# Who thought this was a good idea?



## Texan (Feb 21, 2015)

Answer ... Tile guy.


----------



## Grimmeute (May 8, 2012)

That is ridiculous and I bet the HO was just tickled that he saved money by not calling a plumber out to do it right. or is that why you were there, HO had some brains and new that isn't right? Someone needs to just kick that tile guy in the nads.


----------



## Texan (Feb 21, 2015)

No she thought in was fine. But now she is trying to sell and the inspector caught it.


----------



## dhal22 (Jul 30, 2010)

> now she is trying to sell and the inspector caught it.


Awesome. Love it when hiring a hack to save money comes back and bites you in the As.


----------



## Master Mark (Aug 14, 2009)

what is the problem?? 

The guy at Lowes said that I could coupling them together and run then down to the basement like that....:blink:


----------



## MAC (Aug 19, 2008)

Looks to be quite a reach for the Tilsit paper as well


----------



## paytheplumber (Mar 13, 2014)

Made for left handed ****ters...lol


----------



## Gargalaxy (Aug 14, 2013)

I was called for a drain problem.....new kitchen cabinets and counter top....


----------



## Johnny Canuck (Feb 24, 2015)

Gargalaxy said:


> I was called for a drain problem.....new kitchen cabinets and counter top....


wow...


----------



## dhal22 (Jul 30, 2010)

Johns_TPS said:


> wow...


Indeed.


----------



## mccmech (Jul 6, 2011)

Gargalaxy said:


> I was called for a drain problem.....new kitchen cabinets and counter top....


Basement? I know what I'd do but, what was/is your fix?


----------



## Letterrip (Jul 28, 2013)

mccmech said:


> Basement? I know what I'd do but, what was/is your fix?

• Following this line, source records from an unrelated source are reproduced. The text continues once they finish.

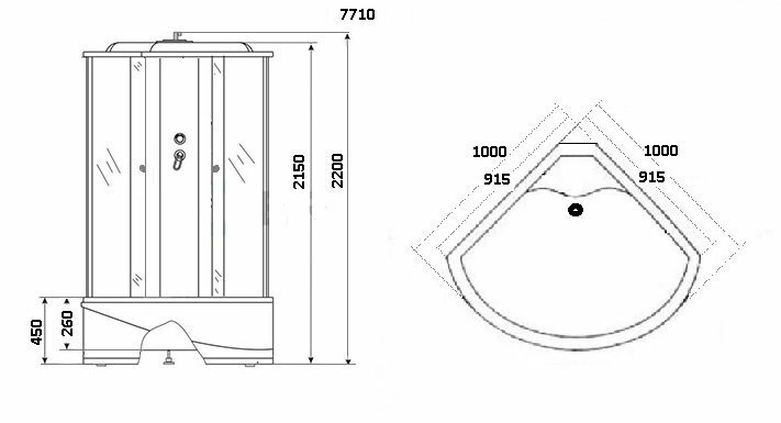 Душ.каб. NG-7710G (1000x1000х2150) высокий поддон стенки золото 4 места интересное:
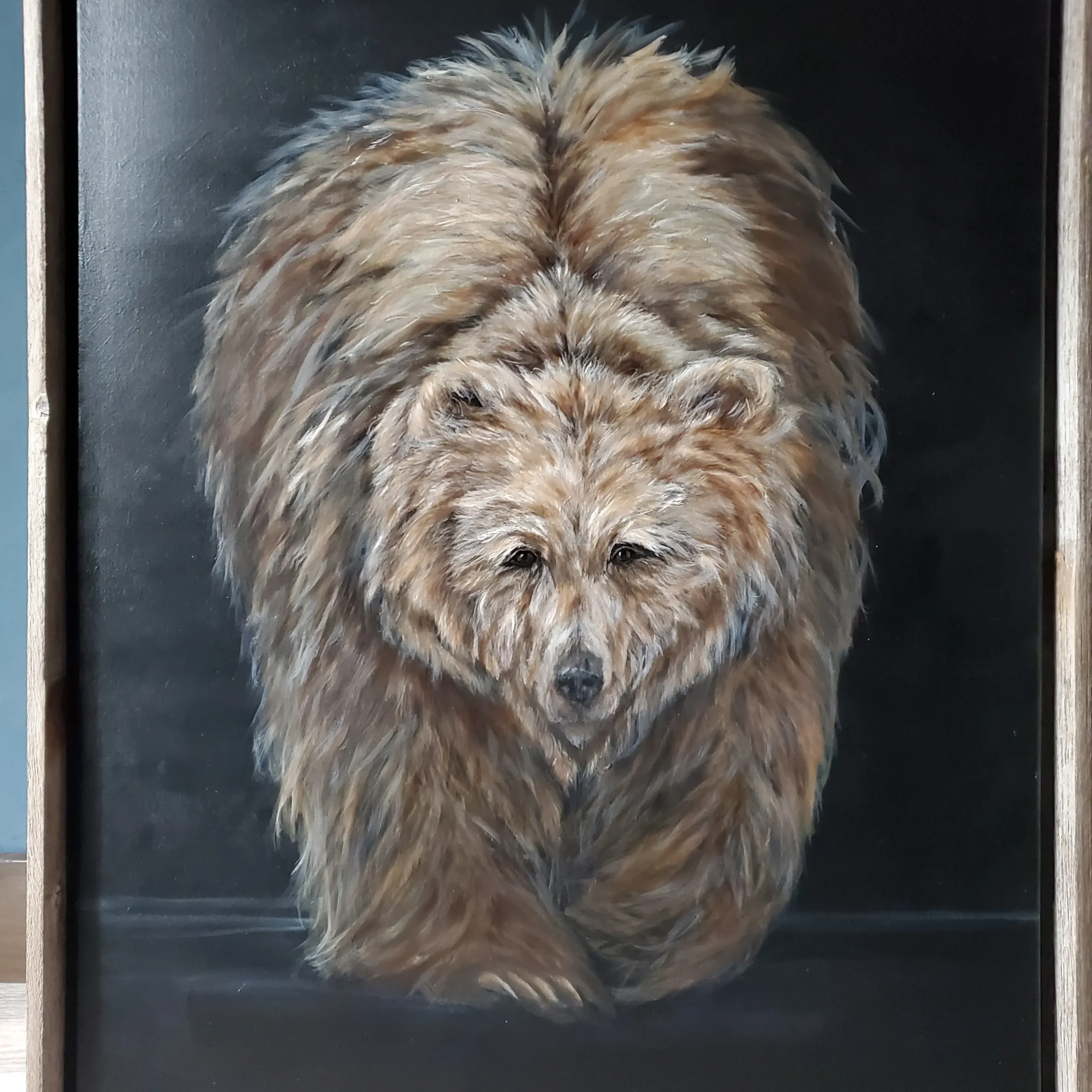 This powerful original artwork from Maggie Martin Studio is an intensive study in both realism and drama, capturing the imposing figure of a large bear as it advances toward the viewer. The artist uses a minimalist composition and a stark black backdrop to maximize the impact of the subject.
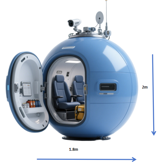 In extreme environments such as polar scientific expeditions and wilderness adventures, it can serve as a mobile survival capsule. The spherical structure has excellent resistance to wind, snow and impact. The monitoring equipment and satellite antenna on the top can realize environmental monitoring and remote communication. The seats and material storage area inside the capsule can provide a safe resting and supply space for explorers, ensuring the survival and operation of personnel in harsh environments.

Central Florida isn't known for its basements, so I doubt it.


----------



## jmc12185 (Aug 27, 2013)

They used an escutcheon just to add that special touch. Whats the problem??


----------



## MootsNYC (Dec 19, 2013)

Johns_TPS said:


> wow...


 I concur


----------



## Gargalaxy (Aug 14, 2013)

mccmech said:


> Basement? I know what I'd do but, what was/is your fix?

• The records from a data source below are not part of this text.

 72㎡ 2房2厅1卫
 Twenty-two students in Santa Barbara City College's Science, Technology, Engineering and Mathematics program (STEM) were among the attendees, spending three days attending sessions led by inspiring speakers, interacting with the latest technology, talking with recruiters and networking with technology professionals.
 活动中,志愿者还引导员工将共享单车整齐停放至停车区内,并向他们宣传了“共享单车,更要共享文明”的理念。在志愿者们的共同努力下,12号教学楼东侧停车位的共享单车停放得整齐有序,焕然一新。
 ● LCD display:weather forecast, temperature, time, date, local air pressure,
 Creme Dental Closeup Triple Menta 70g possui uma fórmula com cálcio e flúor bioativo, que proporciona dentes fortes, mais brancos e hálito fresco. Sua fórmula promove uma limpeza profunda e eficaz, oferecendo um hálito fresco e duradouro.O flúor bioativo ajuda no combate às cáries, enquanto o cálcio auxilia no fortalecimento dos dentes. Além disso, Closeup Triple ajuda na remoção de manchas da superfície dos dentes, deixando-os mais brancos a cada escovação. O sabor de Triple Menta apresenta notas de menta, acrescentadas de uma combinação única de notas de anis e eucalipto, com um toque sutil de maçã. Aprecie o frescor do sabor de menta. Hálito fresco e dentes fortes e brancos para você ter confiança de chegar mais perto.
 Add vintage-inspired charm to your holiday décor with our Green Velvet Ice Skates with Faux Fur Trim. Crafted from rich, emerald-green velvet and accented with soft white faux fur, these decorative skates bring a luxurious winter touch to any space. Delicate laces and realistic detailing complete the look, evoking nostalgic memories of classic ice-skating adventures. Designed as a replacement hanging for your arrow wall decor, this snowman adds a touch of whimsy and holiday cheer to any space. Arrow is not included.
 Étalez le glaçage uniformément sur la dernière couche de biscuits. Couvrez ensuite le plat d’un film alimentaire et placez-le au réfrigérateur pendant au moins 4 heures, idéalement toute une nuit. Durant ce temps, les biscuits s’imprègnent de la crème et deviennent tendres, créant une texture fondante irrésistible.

Not basement in here. About what I did? H.O just remodeled the kitchen. The cabinet guy did the install and set up a piece of 1/2" cpvc pipe for future repipe. I'll start the whole house repipe next week and also fix it in the right way when cut wall.


----------



## GREENPLUM (Jul 27, 2008)

I see some delta pex supply lines and a 1/4 turn stop, somebody updated


----------



## mrjasontgreek (May 21, 2014)

How about this one?


----------